His partner is neglecting their shared business.

Asked on December 12, 2015 under Business Law, California

Answers:

SJZ, Member, New York Bar / FreeAdvice Contributing Attorney

Answered 5 years ago | Contributor

Your husband might have recourse: a majority owner of a privately or closely held company has a "fiduciary duty" to not deliberately or carelessly damage or devalue his/her minority partner's investment. However, the majority partner is allowed to engage in his/her own business ventures if they are reasonable ones, even if they turn out, in retrospect, to damage the minority's partner's interests--that is, it's (so to speak) the intent of the majority partner's actions more than the specific acts themselves which determine if the fiduciary duty is violated. Also, if there is no harm, there is no violation. So to go over a few scenarios as examples:
1) The competiting business already existed and the majority partner simply runs it completely independently of the businss your husband is involved in--nothing changed  but the ownership of the competitor, so the other partner did nothing wrong; he/she did not act to increase the harm (if any) the other business suffers from competition. No breach of fiduciary duty.
2) The other partner bought the business with an eye towards consolidating it with the first business in some way, which will yield a single business with greater market share and lower costs--even if that doesn't work out, it's a reasonable plan for a business owner (look at how many Fortune 500 companies do this) and so no breach.
3) Similar to the above, the other partner intends to not formally combine the businesses, but to run them in way (sharing back-office resources and investments, plus expertise, for example) that leverages investments to help both.
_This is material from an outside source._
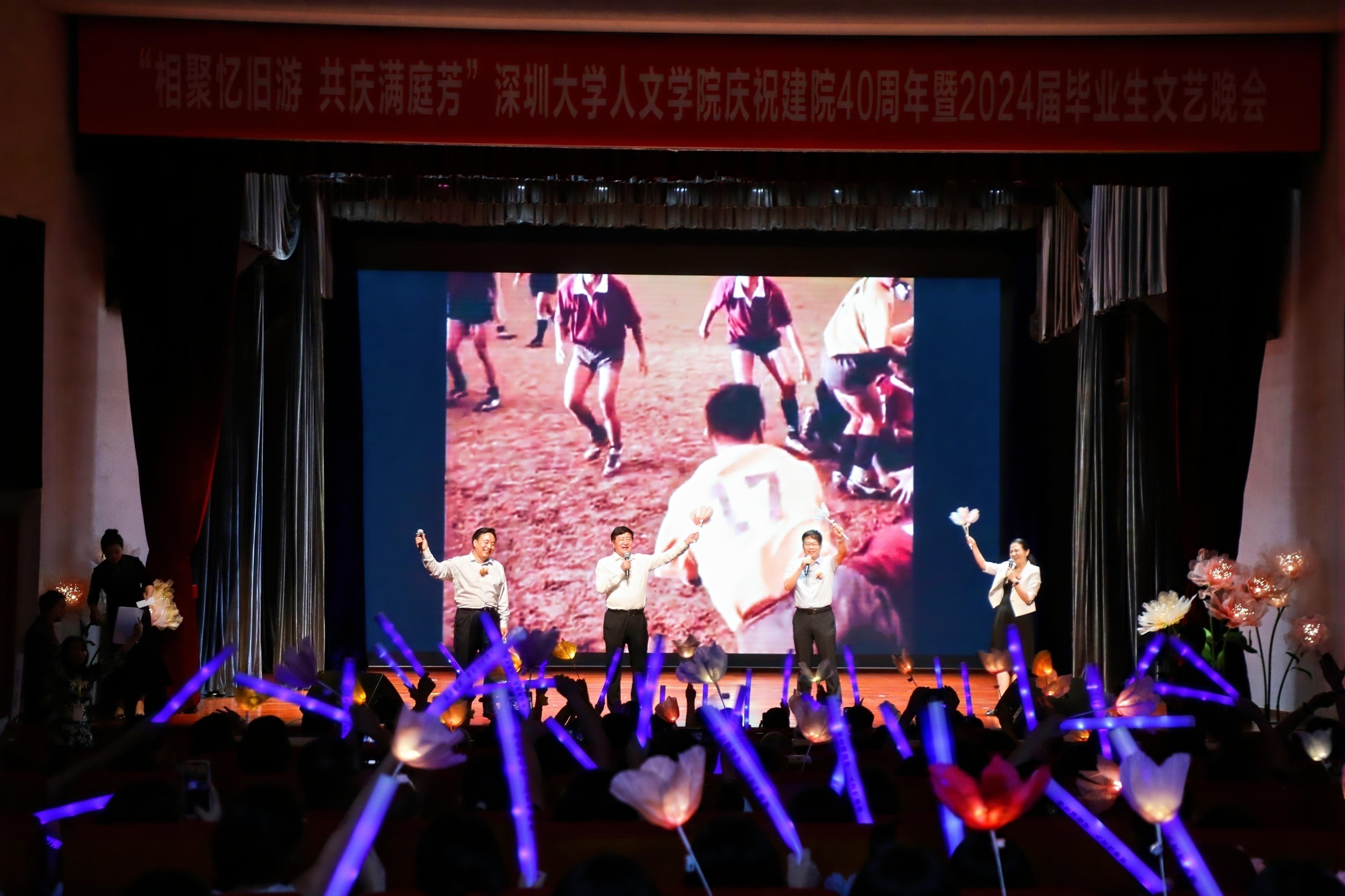 晚会上,芒果体育副校长李永华致辞。他祝愿全体毕业生珍惜青春年华,努力奋斗拼搏。他说:“你们永远是芒果体育故事中不变的主角,深大永远向你们敞开怀抱!”李永华携手学院领导、教师和校友带来“隐藏彩蛋”,合唱歌曲《朋友》为毕业生们献上最真挚的祝福,点燃了全场的青春激情。

This may or may not work, and one business may benefit more than another, but again, it's a reasonable plan that many companies follow. No breach.
But contrast that with:
4) The other owner buys the new business and shift his time, attention, and resources from the business which he "only" owns 88% of to the one he now owns 100% of. The sharing is one way only--he takes, for example, customer lists or vendor contacts from business 1 for the benefit of 2 and not vice versa, and starves 1 of attention and money while he's growing 2. That would very likely be a breach of fiduciary duty, since he is hurting his minority partner's interest to benefit his own.